Still, there are advantages to paying more at the start. A larger down payment ultimately means smaller monthly bills down the line. Also, if you purchase a conventional loan (i.e.: one that is not backed by a federal agency), paying 20 percent or more upfront will eliminate the need to pay Private Mortgage Insurance (PMI) charges. PMI is insurance for your lender that can be paid upfront or in monthly installments, and is designed to offset your lender's risk in the case that you've paid less than 20 percent on your home. It can cost around $55 a month per $100,000 financed. While it's important to note that FHA loans also carry mortgage insurance with a down payment of under 20 percent, their low barriers to own still make them a good choice for first-time buyers.

Figure How Much House You Can Afford

Your debt-to-income ratio (DTI) is the percentage of your gross monthly income set aside for paying debts. While some loans may qualify you for up to 50 percent of your monthly gross income, it's advisable that you use no more than 30 percent, says Joe Adamaitis, a mortgage banker in Sarasota, Fla. Be realistic about how much you can pay, because an unexpected event could tear a hole in a tight budget.
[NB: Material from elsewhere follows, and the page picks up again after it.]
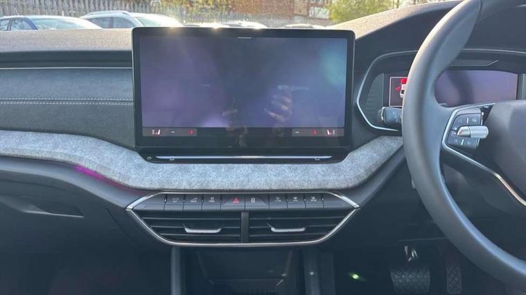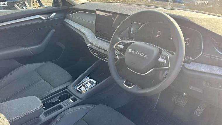 1x USB Typc C port in rear view mirror, 4x USB Type C ports - 2x in front centre console and 2x in rear (45W), Drive mode selection, Driver fatigue sensor, eCall emergency system, Electro-mechanical power steering, Front assist system, Traffic sign recognition, Turn Assist, Virtual Cockpit - 10.25" digital display, Voice control system, Wireless charging (15W) with cooling function, Wireless SmartLink for Apple CarPlay and Android Auto, 13" touchscreen display with navigation, DAB Digital radio, Aero front windscreen wipers with intermittent function, Auto dimming rear view mirror, Body colour bumpers, Body colour door mirrors and handles, Chrome grille surround, Chrome strip in lower front bumper, Chrome window surrounds, Electric front and rear windows, Electrically adjustable, heated, folding and driver side auto-dimming door mirrors, Heated rear windscreen, High level third brake light, Ice scraper in fuel cap, LED daytime running lights, LED Headlights, Logo projection in front doors, Rain and light sensors, Rear fog light on one side and reversing lights on both sides, Rear privacy glass, Rear side wing doors, 12 volt socket in boot, 3 rear headrests, 3 seat bench in 2nd row, 4 foldable roof handles, Boot net programme, Electric auxiliary air heater, Front head restraints, Heated front seats, Illuminated glovebox, Interior door handles in dark chrome, Jumbo Box storage, Luggage compartment lighting x2 lights, Mechanical rear seat release from boot, Parcel shelf - folding, Single front passenger seat, Steering wheel in black leather with black stitching, Storage compartment under passenger seat, Storage compartments in left and right of boot, Sun visors with mirrors, Sunglasses storage, Ticket holder, Two-spoke leather multi function steering wheel with paddles, Umbrella in door panel, Unsplit rear bench seat, split folding backrest with centre armrest with cupholder, Comfort package - Octavia, 3x3 point rear seat belts, Alarm with interior monitoring, tilt sensor and back up horn, Curtain airbags and front side airbags, Driver and front passenger airbags, Drivers knee airbag, Electronic parking brake, ESC including ABS, EBV, MSR, ASR, EDS, HBA, DSR, Front central airbag, Hill hold assist, ISOFIX on front passenger seat and outer rear seats, Passenger airbag deactivate switch, Three point seat belts in front and rear, Two tone horn, Tyre pressure monitor, Visual and acoustic seat belt reminder, Warning reflectors in front door, Anti-theft wheel bolts, Keyless entry and start/stop, Remote central locking, Chrome air vent surrounds,

If, for example, you have a $5,000 gross monthly income, Adamaitis gives this scenario: After taxes, you might actually clear around $3,600. If you expect to owe 30 percent of your gross monthly income, that's $1500 a month, leaving you a grand total of $2,100 to live on. At this rate, your 30 percent debt is actually cutting into 42 percent of your monthly income, after taxes. So when calculating your budget, be completely honest about your spending habits, even if lenders say you qualify for more.

Hunt for a House

Finding the perfect home can have a lot to do with finding a compatible real estate agent, especially in today's evolving mortgage landscape. "The person you choose will quarterback the whole process for you," he explains. It's crucial to be in contact with an agent before starting the home search, "because you might be looking at x when all you can afford is y." First-time homebuyers should make it clear what features they're looking for and how much they're willing to spend.
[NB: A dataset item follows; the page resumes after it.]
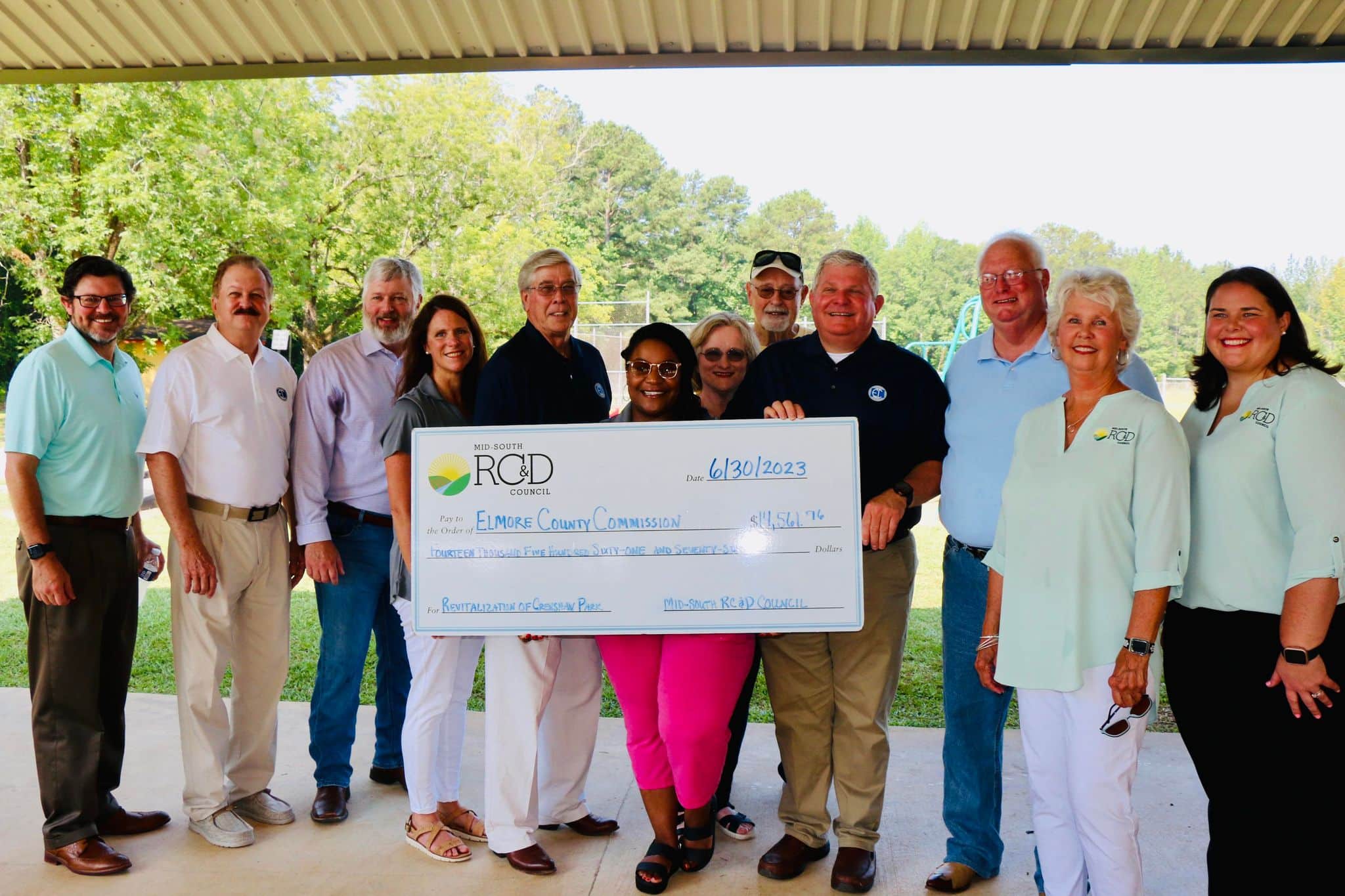 On Friday the non-profit organization Mid-South RC&D Council presented a grant check in the amount of $14,561.76 to assist the Elmore County Commission for improvements at Crenshaw Park.

There are, however, certain questions that Fair Housing laws prohibit agents from answering, such as where to find religious centers in the area, the quality of the school systems, and crime rates. Be proactive in speaking with members of the community and inquire about the issues that matter most to you. For parents, search public sex offender registries, which can be found online, to see if there are high-risk areas in the neighborhood. In most states, agents must disclose whether violent crimes occurred on a property within a set number of years, but not so with suicides -- find your comfort level and do your research.

Make an Offer

Sellers can price a property however they see fit, but that doesn't mean homebuyers should pay a ridiculous cost. "Get your agent to pull all the comparable sold properties that occurred in the last six months," says Adamaitis. "How many were short-sales? How many were foreclosures? Then gauge by square foot the comparable cost."

Get Your Money's Worth

At signing, the buyer should demand that the contract be contingent on an objective appraisal of the house, Adamaitis says. Look into the history of the home and make sure there aren't any liens against the property. You should be able to negotiate with the seller to make any necessary repairs to the house before closing on the deal.
Contingencies vary by state, but you should certainly inspect the home for possible lead paint, radon, and structural issues. Depending on which contingencies your state recognizes, these flaws can provide grounds to cancel the contract without penalty, and get back the earnest money deposit you put down at the start of negotiations.

Stay on Course

Beginning to end, you can expect the entire process to last around four to five months, says Herb. Of course, with as much great inventory on the market as there is, it's not unusual for homebuyers to find something within two to four weeks.
On a brighter note, Mike jumped back into the house hunt a little wiser this year and closed on a three-bedroom townhouse for him and his family in about four month's time. The real journey starts at the end of the month, though -- when his first bill arrives in the mail.